Monet-inspired Dior set and Saint Laurent spectacle shape minimalist jewelry
Dior staged a human-made pond with floating water lilies inside a glass box in the Tuileries; Bella Hadid walked Saint Laurent with the Eiffel Tower as backdrop.

Paris Fashion Week got off to a great start, weather included." Clear skies and unseasonably high temperatures greeted buyers, editors and celebrities descending on the French capital for the fall/winter 2026 shows, a sunny backdrop for two of the week’s most talked-about presentations.

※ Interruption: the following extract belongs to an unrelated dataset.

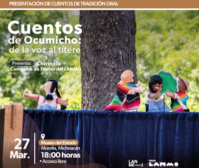 Niñas y niños podrán disfrutar la presentación de tres cuentos de Ocumicho, a cargo de la compañía de títeres Chirinola del Laboratorio Nacional de Materiales Orales (Lanmo), el miércoles 27 de marzo a las 19:00 horas, en el Museo del Estado, con entrada libre.

At Dior, the scene was literal in its embrace of Claude Monet. The show, held on the second day of Paris Fashion Week in a glass box in the Tuileries Garden in the heart of Paris, placed a human-made, artificial pond filled with floating water lilies at the centre of its staging, a tableau described as similar to the water-lily paintings displayed at the Musée de l’Orangerie, which sits in the same gardens. Even the invitation hinted at site-specificity: guests received two miniature reproductions of the green chairs tourists and Parisians rest on in the Tuileries. The runway opened with a shrunken cardigan paired with a tiered skirt, a look that read as a delicate, compact counterpoint to the large, watery set. Photographs of the Dior set and opener were credited to AFP.

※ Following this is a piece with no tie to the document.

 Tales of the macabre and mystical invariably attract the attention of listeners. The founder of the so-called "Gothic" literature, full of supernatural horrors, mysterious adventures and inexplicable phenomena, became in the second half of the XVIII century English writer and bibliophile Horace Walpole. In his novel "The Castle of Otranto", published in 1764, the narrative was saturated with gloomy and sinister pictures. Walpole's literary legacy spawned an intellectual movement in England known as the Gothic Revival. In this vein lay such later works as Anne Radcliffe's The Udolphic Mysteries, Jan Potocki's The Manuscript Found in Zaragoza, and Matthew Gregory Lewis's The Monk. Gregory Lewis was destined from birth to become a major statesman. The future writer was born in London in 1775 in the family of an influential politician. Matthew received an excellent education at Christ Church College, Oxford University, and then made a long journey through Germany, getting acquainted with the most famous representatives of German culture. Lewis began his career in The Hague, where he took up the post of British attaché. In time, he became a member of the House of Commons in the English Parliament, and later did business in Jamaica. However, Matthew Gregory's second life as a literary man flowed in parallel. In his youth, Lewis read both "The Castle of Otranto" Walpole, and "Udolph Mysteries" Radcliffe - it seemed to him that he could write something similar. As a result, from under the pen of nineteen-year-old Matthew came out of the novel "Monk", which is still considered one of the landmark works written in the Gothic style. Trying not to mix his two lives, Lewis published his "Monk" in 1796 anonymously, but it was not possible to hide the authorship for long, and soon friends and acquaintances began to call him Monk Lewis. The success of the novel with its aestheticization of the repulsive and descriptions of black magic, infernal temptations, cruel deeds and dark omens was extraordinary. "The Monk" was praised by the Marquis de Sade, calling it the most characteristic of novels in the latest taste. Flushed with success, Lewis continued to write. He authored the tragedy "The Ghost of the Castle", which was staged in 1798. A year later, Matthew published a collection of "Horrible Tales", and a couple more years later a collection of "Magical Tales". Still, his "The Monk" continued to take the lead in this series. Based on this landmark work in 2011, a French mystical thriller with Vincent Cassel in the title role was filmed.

Saint Laurent answered with architectural drama. The label presented what the round-up calls a grand spectacle, staging its show with the Eiffel Tower as the backdrop and placing Bella Hadid on the runway as a principal presence. The collection was described in the coverage by its structural silhouettes, a concise phrase that captures Saint Laurent’s directional focus without divulging complete look-by-look specifics in the available account.

Accessories and jewellery were flagged across the week as complementary to the runway narratives. The round-up called out jewellery and accessory choices that complemented several runway stories and even highlights accessories "including delicate," but the description ends mid-list, leaving the exact pieces, materials, and stylists unnamed in the provided coverage. That absence leaves the jewelry component of both houses’ stories sketched in outline rather than catalogued in detail.
Taken together, Dior’s Monet-inflected pond in the Tuileries Garden and Saint Laurent’s Eiffel Tower spectacle crystallised two distinct vectors for fall/winter 2026: floral-infused mise-en-scene at Dior and structural, silhouette-driven theater at Saint Laurent. With the shows staged March 4, 2026 under a surprising wash of warm weather, the season’s accessory conversations will be measured against those two images, even as precise jewellery credits and specimen details remain to be assembled.